American elms once were dominant in the northern U.S. and southern Canada. Marks is one of the scientists in the Northeast working on the American Elm restoration project.  “The Nature Conservancy can help by finding elms that are potentially resistant like this exceptionally large surviving tree here where there’s another elm just over there that’s died and has bark beetle galleries on it.  So clearly the bark beetles that spread the disease are in this place.  This tree is probably over a hundred years old and has been exposed to Dutch Elm disease multiple times in its life and there’s a good chance it has some resistance to the disease. We’re going to take some cuttings from this tree to propagate it vegetatively as well as to try to collect some pollen. And then we’ll do crosses with other trees that researchers have already found to have elevated tolerance to the disease and hopefully some of the offspring will be even more tolerant.”

Marks often has to climb elm trees to collect the sample branches but with this one, its branches arch nearly to the ground and allow him to use pole loppers.
“Show you the next step.  So I’m putting a moist piece of cloth around the cut end so that they don’t dry out in transport.”

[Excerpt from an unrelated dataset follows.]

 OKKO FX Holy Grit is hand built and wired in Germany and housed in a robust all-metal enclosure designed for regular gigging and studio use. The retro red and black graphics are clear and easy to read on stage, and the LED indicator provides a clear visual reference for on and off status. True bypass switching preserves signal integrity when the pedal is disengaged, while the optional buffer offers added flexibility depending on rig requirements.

The box of buds and pollen samples will be couriered overnight to laboratories for crossbreeding and cloning.
Gus Goodwin, Conservation Coordinator with the Vermont Chapter of the Nature Conservancy, once interned with the Adirondack chapter and found the tree for the propagation project.   “There are two types of buds on the tree here.  These ones are the leaf buds and they tend to be a little bit more terminal on the twig. And then these ones are the flower buds here and they’re a bit larger.  So these are the ones that we want to harvest. (The large flower buds?) Yeah.  (So not all of those are leaf buds then?) Um-hum. Right, yeah.  And one of the things that we look for in a tree is kind of the ratio of leaf buds to flower buds. And so a tree that’s in pretty good vigor and good health will produce quite a lot of these leaf buds and so you know a tree like this looks fairly healthy to me.”

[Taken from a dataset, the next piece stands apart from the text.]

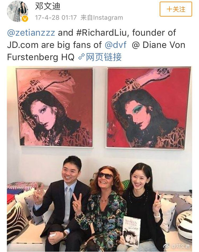 远的不谈,就在去年4月,邓文迪自己还发微博配上了刘强东夫妻的照片。这是他们一起参加知名时装品牌DVF的活动,当然DVF的品牌的创始人也跟他们在一起。
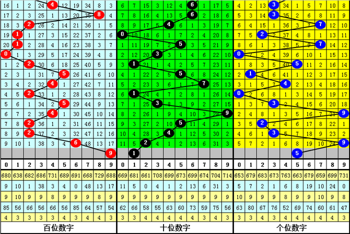 大中小分析:在组选0-9号码分布图中,前10期小号(0-2区段)出现12枚奖号,中号(3-6区段)出现14枚奖号,大号(7-9区段)出现4枚奖号,上期大中小区间分别出现1枚奖号,本期预计大中小区域各出1枚奖号。

Christian Marks walks over to a nearby grove of dead elm trees, explaining that the disease is invasive.   “The American Elm was never exposed to Dutch elm disease before it arrived from abroad and so it was completely a naive host and now it has to evolve defenses against this host. And that’s really what we’re trying to do is to help that evolution along, to basically speed it up by breeding. I like to joke that I run a dating service for elms where I’m bringing together two disease tolerant elms that might not meet on their own, you know one from New Jersey and one from Minnesota, and then they can cross and hopefully have even more disease tolerant offspring.”

The samples are being sent to laboratories of the U.S. Forest Service Northern Research Station.
The elm tree is on state land and a DEC research permit was obtained, allowing the Conservancy scientists to cut the sample branches.